[Records from a dataset]

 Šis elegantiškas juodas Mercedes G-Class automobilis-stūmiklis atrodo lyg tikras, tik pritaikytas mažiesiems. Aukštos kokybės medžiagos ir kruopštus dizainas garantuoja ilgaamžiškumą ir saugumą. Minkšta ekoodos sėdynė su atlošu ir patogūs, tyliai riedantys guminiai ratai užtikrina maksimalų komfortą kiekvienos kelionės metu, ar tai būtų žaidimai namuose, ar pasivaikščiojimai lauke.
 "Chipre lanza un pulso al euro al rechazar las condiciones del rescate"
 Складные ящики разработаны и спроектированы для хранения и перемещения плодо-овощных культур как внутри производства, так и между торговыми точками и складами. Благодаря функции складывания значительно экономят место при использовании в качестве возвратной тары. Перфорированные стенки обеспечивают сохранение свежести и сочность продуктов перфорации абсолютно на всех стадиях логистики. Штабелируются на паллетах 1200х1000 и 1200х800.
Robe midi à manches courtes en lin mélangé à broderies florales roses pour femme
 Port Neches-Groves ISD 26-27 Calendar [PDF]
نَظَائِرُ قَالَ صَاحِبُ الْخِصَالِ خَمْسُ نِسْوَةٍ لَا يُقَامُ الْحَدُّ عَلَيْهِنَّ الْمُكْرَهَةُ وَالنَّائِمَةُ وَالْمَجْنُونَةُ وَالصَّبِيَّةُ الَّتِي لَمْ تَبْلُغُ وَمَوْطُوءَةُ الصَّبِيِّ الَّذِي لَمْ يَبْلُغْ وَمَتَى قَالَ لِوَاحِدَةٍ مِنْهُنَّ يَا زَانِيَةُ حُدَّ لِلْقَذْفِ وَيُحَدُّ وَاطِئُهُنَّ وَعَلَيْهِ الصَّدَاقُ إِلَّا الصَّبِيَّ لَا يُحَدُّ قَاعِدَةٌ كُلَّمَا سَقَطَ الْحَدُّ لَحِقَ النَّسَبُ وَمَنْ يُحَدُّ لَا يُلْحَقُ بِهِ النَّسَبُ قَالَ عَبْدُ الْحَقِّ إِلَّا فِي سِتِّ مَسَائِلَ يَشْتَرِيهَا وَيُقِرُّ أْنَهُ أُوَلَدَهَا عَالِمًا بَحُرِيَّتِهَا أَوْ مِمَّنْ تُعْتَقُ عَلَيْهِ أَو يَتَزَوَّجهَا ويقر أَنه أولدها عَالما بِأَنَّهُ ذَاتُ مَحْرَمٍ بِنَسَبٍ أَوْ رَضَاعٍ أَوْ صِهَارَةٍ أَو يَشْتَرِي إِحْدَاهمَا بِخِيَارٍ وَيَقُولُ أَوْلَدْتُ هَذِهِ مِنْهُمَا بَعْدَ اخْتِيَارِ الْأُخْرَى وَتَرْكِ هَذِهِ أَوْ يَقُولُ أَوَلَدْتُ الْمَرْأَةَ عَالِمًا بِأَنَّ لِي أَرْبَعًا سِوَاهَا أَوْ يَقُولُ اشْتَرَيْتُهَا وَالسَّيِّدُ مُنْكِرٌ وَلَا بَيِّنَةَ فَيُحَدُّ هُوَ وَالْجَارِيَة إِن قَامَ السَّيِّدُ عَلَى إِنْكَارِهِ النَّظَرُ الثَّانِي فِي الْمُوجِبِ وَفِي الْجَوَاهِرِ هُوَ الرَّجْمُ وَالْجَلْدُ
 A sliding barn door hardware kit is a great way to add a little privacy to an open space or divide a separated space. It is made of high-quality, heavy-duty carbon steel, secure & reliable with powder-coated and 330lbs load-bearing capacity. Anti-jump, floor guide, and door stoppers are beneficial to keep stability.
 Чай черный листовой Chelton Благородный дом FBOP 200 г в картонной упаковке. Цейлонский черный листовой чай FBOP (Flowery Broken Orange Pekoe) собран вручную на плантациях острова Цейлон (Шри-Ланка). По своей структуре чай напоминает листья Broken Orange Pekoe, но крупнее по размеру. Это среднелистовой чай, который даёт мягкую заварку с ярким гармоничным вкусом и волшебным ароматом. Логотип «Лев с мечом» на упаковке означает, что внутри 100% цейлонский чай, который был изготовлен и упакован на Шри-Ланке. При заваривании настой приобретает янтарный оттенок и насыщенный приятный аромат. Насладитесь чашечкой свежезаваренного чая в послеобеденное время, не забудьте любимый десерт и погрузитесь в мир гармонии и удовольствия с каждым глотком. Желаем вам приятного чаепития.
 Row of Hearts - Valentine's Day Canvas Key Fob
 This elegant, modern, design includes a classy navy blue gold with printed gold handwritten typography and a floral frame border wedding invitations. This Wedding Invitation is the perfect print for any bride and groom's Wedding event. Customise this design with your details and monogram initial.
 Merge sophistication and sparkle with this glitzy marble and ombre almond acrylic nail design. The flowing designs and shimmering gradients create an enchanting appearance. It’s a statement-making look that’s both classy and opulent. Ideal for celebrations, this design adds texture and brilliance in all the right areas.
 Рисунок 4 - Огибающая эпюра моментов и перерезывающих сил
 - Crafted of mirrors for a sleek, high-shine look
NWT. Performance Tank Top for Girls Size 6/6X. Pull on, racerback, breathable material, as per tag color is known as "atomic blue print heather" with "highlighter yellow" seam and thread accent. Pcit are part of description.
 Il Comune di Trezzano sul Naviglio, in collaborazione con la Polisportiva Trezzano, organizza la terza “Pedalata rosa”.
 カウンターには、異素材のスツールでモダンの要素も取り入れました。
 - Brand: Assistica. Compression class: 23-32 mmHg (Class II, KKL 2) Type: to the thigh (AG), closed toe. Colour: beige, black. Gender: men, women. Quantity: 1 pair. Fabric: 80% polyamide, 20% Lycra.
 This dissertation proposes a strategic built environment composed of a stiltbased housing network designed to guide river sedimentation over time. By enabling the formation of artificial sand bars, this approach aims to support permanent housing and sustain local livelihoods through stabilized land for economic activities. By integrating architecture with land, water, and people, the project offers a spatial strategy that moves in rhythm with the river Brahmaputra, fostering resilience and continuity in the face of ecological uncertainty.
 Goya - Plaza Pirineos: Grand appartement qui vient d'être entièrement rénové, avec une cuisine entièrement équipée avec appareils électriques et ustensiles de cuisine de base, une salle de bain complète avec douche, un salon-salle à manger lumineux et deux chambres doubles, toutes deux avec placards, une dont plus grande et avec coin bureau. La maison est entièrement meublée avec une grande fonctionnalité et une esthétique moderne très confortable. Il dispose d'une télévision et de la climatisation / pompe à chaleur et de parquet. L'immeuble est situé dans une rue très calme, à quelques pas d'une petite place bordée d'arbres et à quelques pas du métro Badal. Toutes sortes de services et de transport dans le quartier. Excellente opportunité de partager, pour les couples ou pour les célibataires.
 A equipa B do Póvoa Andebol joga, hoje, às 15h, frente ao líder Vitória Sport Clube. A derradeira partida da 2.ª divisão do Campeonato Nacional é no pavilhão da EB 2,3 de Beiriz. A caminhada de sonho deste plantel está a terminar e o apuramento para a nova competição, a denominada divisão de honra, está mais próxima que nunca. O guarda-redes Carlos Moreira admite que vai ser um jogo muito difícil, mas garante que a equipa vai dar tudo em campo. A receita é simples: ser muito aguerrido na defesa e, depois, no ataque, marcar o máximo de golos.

The task –
Once you reach the line with "- Brand: Assistica." in the data above, copy it and every line after it exactly, up to and including the line with "Goya - Plaza".

Written reply –
 - Brand: Assistica. Compression class: 23-32 mmHg (Class II, KKL 2) Type: to the thigh (AG), closed toe. Colour: beige, black. Gender: men, women. Quantity: 1 pair. Fabric: 80% polyamide, 20% Lycra.
 This dissertation proposes a strategic built environment composed of a stiltbased housing network designed to guide river sedimentation over time. By enabling the formation of artificial sand bars, this approach aims to support permanent housing and sustain local livelihoods through stabilized land for economic activities. By integrating architecture with land, water, and people, the project offers a spatial strategy that moves in rhythm with the river Brahmaputra, fostering resilience and continuity in the face of ecological uncertainty.
 Goya - Plaza Pirineos: Grand appartement qui vient d'être entièrement rénové, avec une cuisine entièrement équipée avec appareils électriques et ustensiles de cuisine de base, une salle de bain complète avec douche, un salon-salle à manger lumineux et deux chambres doubles, toutes deux avec placards, une dont plus grande et avec coin bureau. La maison est entièrement meublée avec une grande fonctionnalité et une esthétique moderne très confortable. Il dispose d'une télévision et de la climatisation / pompe à chaleur et de parquet. L'immeuble est situé dans une rue très calme, à quelques pas d'une petite place bordée d'arbres et à quelques pas du métro Badal. Toutes sortes de services et de transport dans le quartier. Excellente opportunité de partager, pour les couples ou pour les célibataires.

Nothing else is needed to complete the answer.